━━━━━ Available data ━━━━━

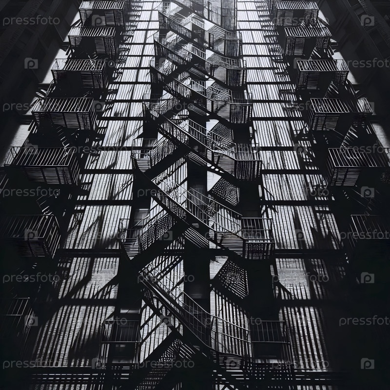 Абстрактные геометрические узоры теней, брошенных пожарной лестницей на строгую кирпичную стену, Ai generated image
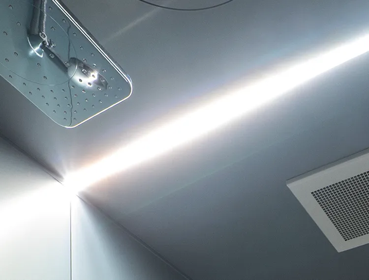 「INTEGRAL の設計思想には“陰翳礼讃”があります」と語るのは、パナソニック ハウジングソリューションズの商品マーケティング担当・片上香里。従来のバスルームが隅々まで均一な明かりを基本としたのに対し、i-X INTEGRALはライン照明による調光・調色を採用し、光と影が生む奥行きの中でのくつろぎを提案した。
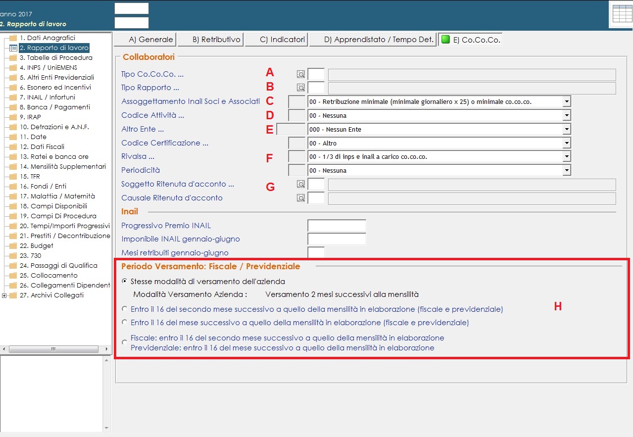 I Campi da A a H riguardano la gestione dei collaboratori a progetto e degli associati in partecipazione, nello specifico:

━━━━━

• _Task directions_:
Transcribe each line of the material above verbatim, but do not include the images.

• _Task result_:
 Абстрактные геометрические узоры теней, брошенных пожарной лестницей на строгую кирпичную стену, Ai generated image
 「INTEGRAL の設計思想には“陰翳礼讃”があります」と語るのは、パナソニック ハウジングソリューションズの商品マーケティング担当・片上香里。従来のバスルームが隅々まで均一な明かりを基本としたのに対し、i-X INTEGRALはライン照明による調光・調色を採用し、光と影が生む奥行きの中でのくつろぎを提案した。
 I Campi da A a H riguardano la gestione dei collaboratori a progetto e degli associati in partecipazione, nello specifico:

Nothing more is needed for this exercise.